Before answering my question, I'll raise a matter that is closely related: safety. Part of what governments at all levels have done is reserve to themselves the power to safeguard the people they rule. To be sure, governments endanger us all the time, but they also protect us in various ways, however ineptly. Some police activity protects innocent people from murderers, rapists, and thieves. Politicians have a (self-)interest in this. I remember a button that libertarians sold at conventions: "Don't Steal. Government Hates Competition." Officials will tend to want to discourage private criminals from attacking us if for no other reason than they want the booty for themselves. Plus, they want to be re-elected.

Since the government has forced itself on us as our protector, it seems obligated to carry out that function (in ways that don't further violate individual rights). Here's an imperfect analogy. A pilot friend with a small plane takes you on a flight. At 10,000 feet he informs you he's about to parachute home and leave the flying to you, whom he knows can't fly. (Some friend.) I submit that this would be a serious breach. The same with a surgeon who opens his patient's chest and then decides he'd rather be playing golf.

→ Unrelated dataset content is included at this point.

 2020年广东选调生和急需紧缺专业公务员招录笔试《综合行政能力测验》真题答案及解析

Similarly, if the government, without notice, closed all the police departments and courts without giving us a chance to form private protection agencies, we'd be in a right fix, especially the poorest, most vulnerable parts of town.

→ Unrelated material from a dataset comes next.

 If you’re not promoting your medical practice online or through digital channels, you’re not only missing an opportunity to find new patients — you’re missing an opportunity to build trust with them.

Thus, the government owes the taxpayers protection from private aggression. Among other things, its agents may properly keep public facilities free of real threats, for example, adult strangers using a bathroom in a public school. Further, the state is obligated to forbid aggressive interference with peaceful people who use the facilities as intended. Protest demonstrations that block streets are properly banned, not because of their views, but because others have a right to use the streets too. Noisy, grossly unwashed people may be excluded from public libraries. And so on. (As always, hard cases can arise.)

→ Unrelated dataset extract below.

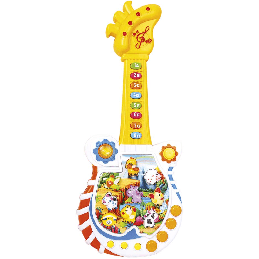 A Guitarra Educativa Paradise 3+ da DM Toys é um brinquedo interativo que combina música e aprendizado em uma proposta dinâmica para a primeira infância. Com sons de animais e a identificação do nome de cada um, estimula a associação auditiva e o reconhecimento, enquanto as músicas incorporadas tornam a experiência mais envolvente. Os quatro modos diferentes ampliam as possibilidades de uso, permitindo variar a forma de interação e manter o interesse ativo por mais tempo. O formato de guitarra incentiva a coordenação motora e a criatividade ao simular o ato de tocar, transformando a brincadeira em um momento de exploração sonora e descoberta. É uma opção funcional para quem busca unir diversão, estímulo sensorial e aprendizado básico em um único brinquedo.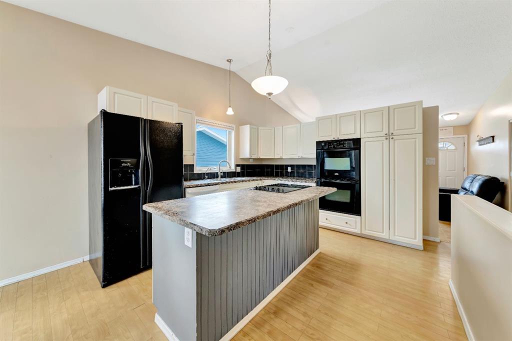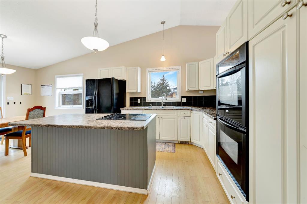 Welcome to this spacious 1,324 sq. ft. bungalow nestled in the peaceful, family-friendly community of Neilburg. Built in 1995, this home offers a bright and functional open-concept layout designed for comfortable everyday living and effortless entertaining. The kitchen is a true highlight, featuring a double wall oven, large island with cooktop, abundant cabinetry and counter space, plus a versatile desk area perfect for a coffee bar or workspace. The main floor also includes convenient laundry, three generously sized bedrooms, and a primary suite complete with a walk-in closet and private 3-piece ensuite. Downstairs, you’ll find an impressive amount of additional living space with two more large bedrooms, a dedicated office, a spacious family room with cozy carpeting, and plenty of storage. Outside, enjoy a beautifully set-up yard with a concrete driveway accented by exposed aggregate, underground sprinklers, raised garden beds, gas BBQ hookup, and a large storage shed with a charming second-storey playhouse. Backing onto private greenspace and located right next to Village Green park and playground, and just two blocks from the K–12 school, this property offers the perfect blend of space, comfort, and small-town convenience.

But assertions of state power that have objectives other than safe and appropriate use should not be allowed to sneak in under what I call the "nondisruption principle (NDP). Immigration control is an example. The general power to restrict immigration is unrelated to keeping "public" facilities safe and usable.

Concerning "public" property, then, we have two conflicting standards for how the government should behave. The first is that it should minimize its own aggression against non-aggressors, whoever they are, and permit the maximum peaceful use of "public" facilities as they were intended to be used. If you violate no one's rights, you're okay.

The second standard is that the government should seek to represent the hypothetical owners of currently government-held land. As we've seen, that is impossible. This standard is often invoked to justify restrictions on immigration, but it could easily license state aggression regarding drugs, guns, gambling, prostitution, and religion, restrictions libertarians rightly oppose. There is no limiting principle. Once you allow the standard to control immigration, you have no grounds to oppose it in other matters. The second standard is tantamount to assuming the government legitimately owns all the property it controls.

Defenders of the second standard will try to defend their position by claiming that people who have not paid taxes in the past have no claim to use public facilities now. That proves too much. Interstate travel entails people using facilities they have not contributed to previously. Children have not paid taxes. In fact, today's taxpayers once used the facilities before they had paid any taxes. Were they free-riding? But here's another problem: people who relocate (from wherever) will, alas, soon start paying sales, excise, income, property, and gasoline taxes and hence contribute to the upkeep of the facilities, including those they'll never use.

So, is it the case, as some have said, that libertarians have nothing reasonable to say about public property except that it should be privatized—that there are no right answers in a statist world? Resoundingly, I say no.